Are you ready for our Nature Poetry Competition? One of the most delicate genres to work in, the beautiful realm of nature poetry is filled with tiny tales to unfold with your beautiful words. We had the chance to interview Guest Judge Aimee Nezhukumatathil to ask her expert advice on writing nature poetry.
Nature poems can tackle big ideas about life, love, and loss, but they often do so by focusing on simple things. How do you find the right balance between being concrete and focusing in on a natural element, while also saying something deep about the wider world?
Thank you so much for that observation. I grew up reading a bunch of highly scientific nature books/magazines, but something in those books made me always want to make metaphors or find a way to make that nature literacy applicable to my life. Honestly being Asian American in the 70s and 80s, not really seeing myself reflected in books or in pop culture TV and movies, made me feel like more of a kinship with the natural world. I may not always be thinking about that — in fact I almost never do when I'm drafting a piece — but in revision I'm always trying to imagine talking to a loved one or best friend, and how to make what I want to say interesting to them. For me, having someone specific in mind, and saying something specific in a poem is actually the only way to get to the universal.
When you write about nature, I’ve noticed that you include so much vivid imagery. Do you have any tricks for bringing a poem’s nature to life for your readers?
Well, I always start with an image. An image for me can be any of the five senses, and then I just start writing towards it, through it, around it, and see what happens afterwards. I never know what I'm writing until after I've completed at least one draft — that goes for both poems and essays. For example, I might think of the smell of mint, and that might make me think of chewing gum, and that might make me think of my mom taking me to the zoo.
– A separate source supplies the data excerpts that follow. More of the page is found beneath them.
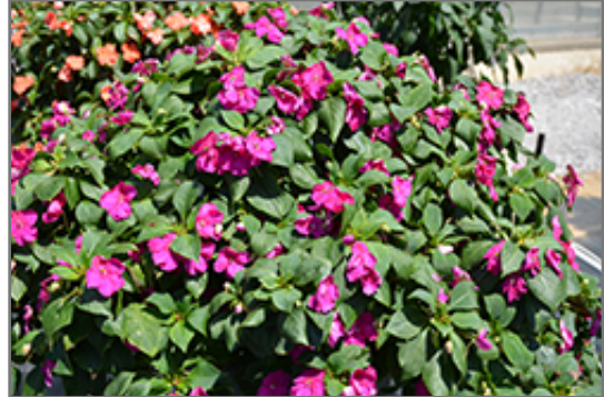
Beacon Violet Shades Impatiens in bloom

Beacon Violet Shades Impatiens will grow to be about 15 inches tall at maturity, with a spread of 12 inches. When grown in masses or used as a bedding plant, individual plants should be spaced approximately 8 inches apart. Its foliage tends to remain dense right to the ground, not requiring facer plants in front. This fast-growing annual will normally live for one full growing season, needing replacement the following year.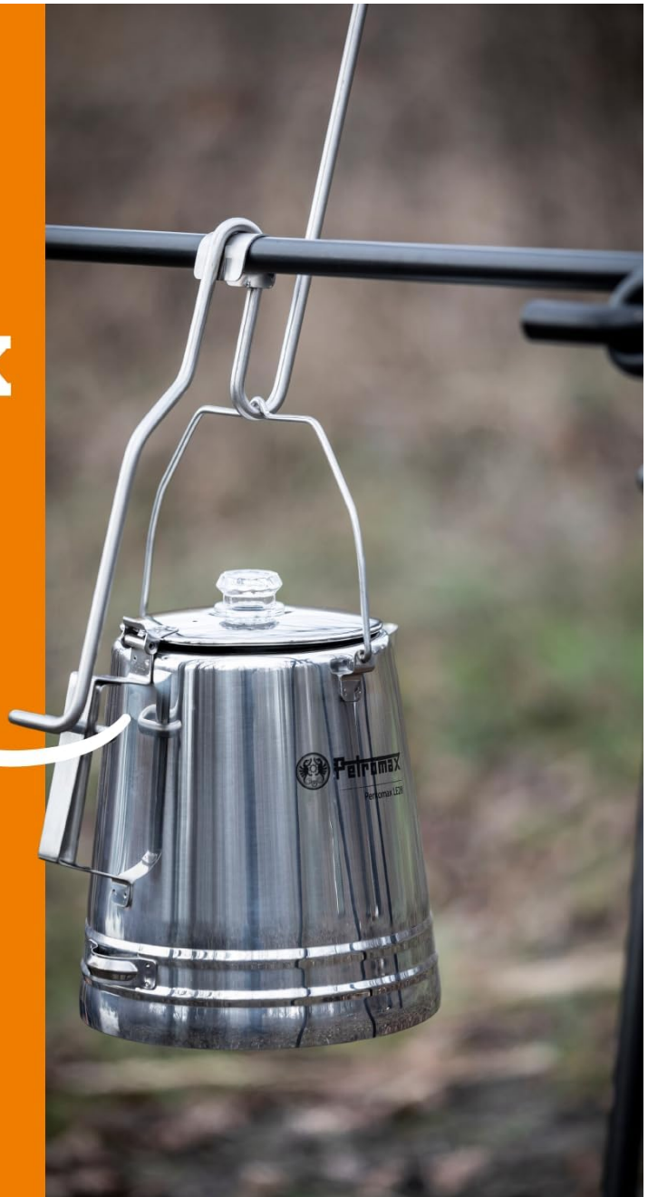
The Petromax percolator suspended over an open campfire, ready for brewing.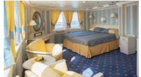
OWNER'S SUITE (approx. 22 square metres)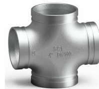
Hot dipped galvanized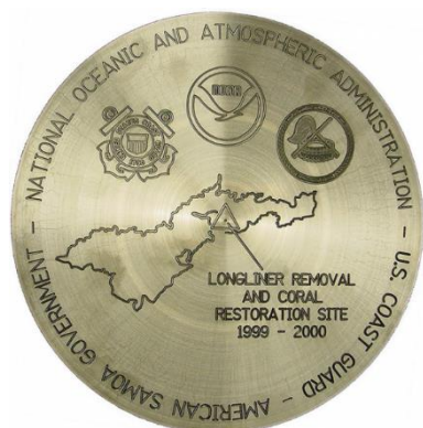
In 2005 NOAA's National Geodetic Survey dedicated a commemorative mark in Aua Village overlooking Pago Pago Harbor highlighting the restoration of the coral reef ecosystem damaged by the vessel groundings.

The response in Pago Pago Harbor occurred not only during an important period for the development of NOAA's oil spill response capacity through the Office of Response and Restoration, but also during an important period for the expansion of NOAA's coral reef conservation capacity. In 1998, an executive order established the U.S. Coral Reef Task Force and identified the Commerce secretary, through the NOAA administrator, as a co-chair of the task force. Two years later, the Coral Reef Conservation Act of 2000 instituted NOAA's Coral Reef Conservation Program .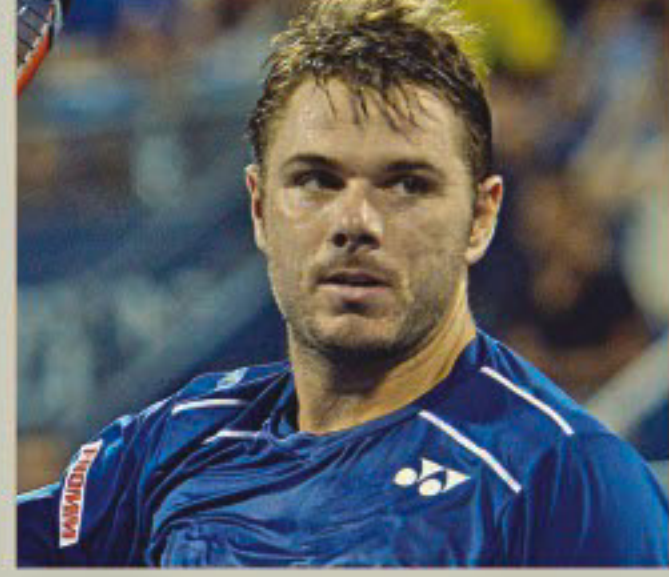
STAN WAWRINKA Age: 30 Titles: 10 (including two Grand Slams) Best US Open: Semifinals (2013, 2015)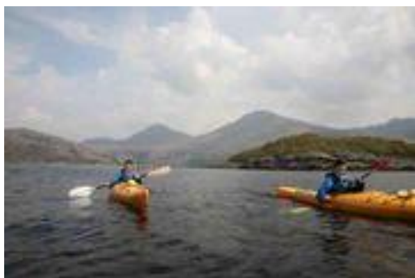
44 th Glasgow Scouts – Sea kayaking

The next formal meeting of the Trustees is scheduled for 23 rd September and we look forward to having another batch of grant applications for consideration. After the event please also remember to send us a brief report. Quite a few reports remain outstanding in respect of some of the above and also previous grant supported activities. With the increasing demand for grants failure to submit a report could prejudice your next grant application.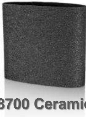
8700 Ceramic Abrasives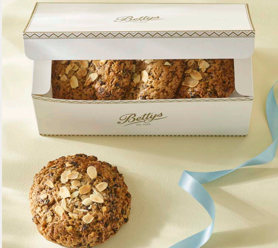
BETTYS BURY SIMNELS £14 • Box of 4 • 24 x 12 x 8.5cm

Tuck in to these scrumptious classics from our Craft Bakery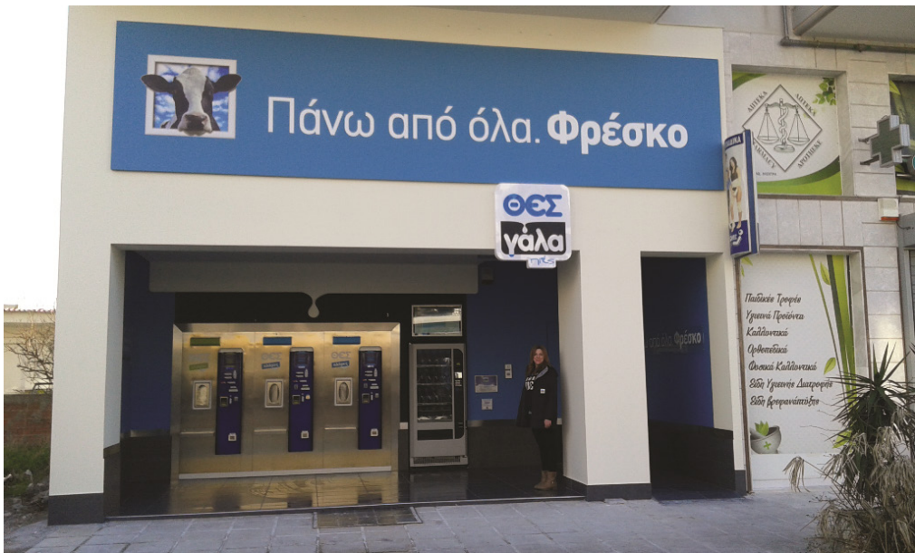
Picture 1: A station of fresh milk vending machines of “THESS GALA PIES”,

Picture 1 shows a “station” of the way milk is distributed by the company “THESS GALA PIES”, through vending machines that sell fresh milk being poured into bottles (glass or plastic) for the customers.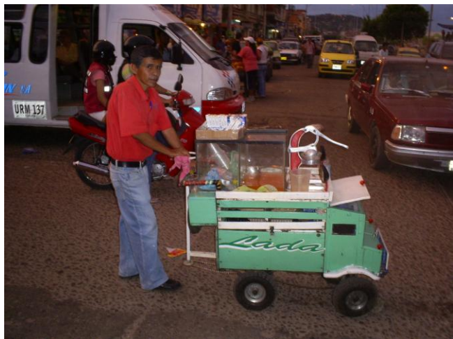
Street vendor in Cucuta, Colombia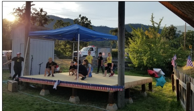
A number of local kids took part in the A-Rae of Light Dance Studio performances.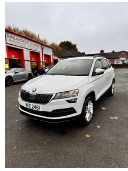
Just arrived appleplay,android,reverse sensors,bluetooth,fsh and one owner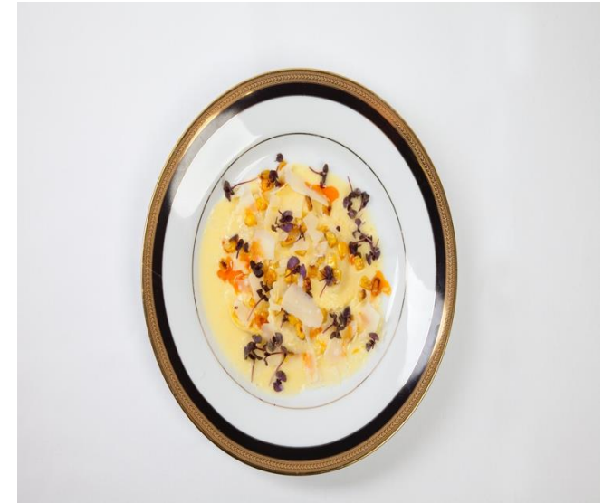
Grilled Summer Corn Ravioli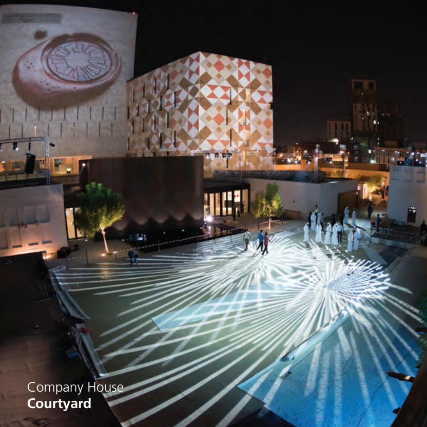
Company House Courtyard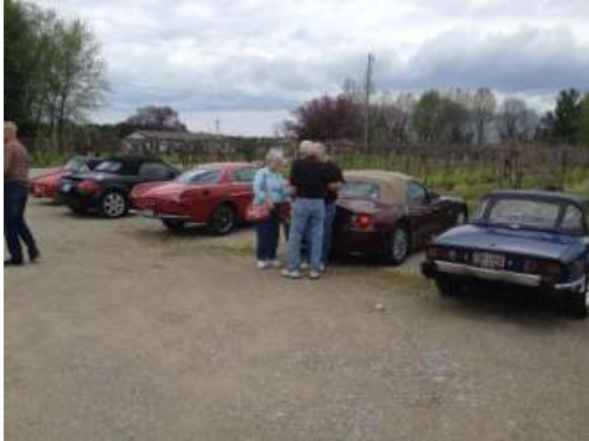
Slate Run Winery On Spring Tour

All went well. Some left early and went to a decrepit garage sale, a there-ain't-no-quilting-stuff-here-even-though-you-promised-it garage sale in Circleville.

In your book “World of Wonders: In Praise of Fireflies, Whale Sharks, and Other Astonishments,” you write about how nature — from the smallest creatures to the tallest trees — holds lessons for us. Is there a lesson from nature that you’ve learned recently that changed the way you look at the world or your writing?
One of the first things that children naturally do is say Look! Look! And by the time they are out of, say, high school, most have stopped sharing that sense of wonderment of the outdoors; for some it’s not ‘cool’ anymore. What I always want to do, whether it’s in the classroom or in this book, is to bring that sense of wonder — that impulse to say LOOK! — back for anyone who forgot that they used to exclaim with astonishment once upon a childhood. I wanted to show that anyone can appreciate and be surprised and delighted about plants and animals if you just slow down a bit. And in that slow-down, I’m hoping that will lead you to a moment of tenderness and isn’t that a wild and wonderful thing? And frankly much needed, I think, especially during the current horrors in our country and the world.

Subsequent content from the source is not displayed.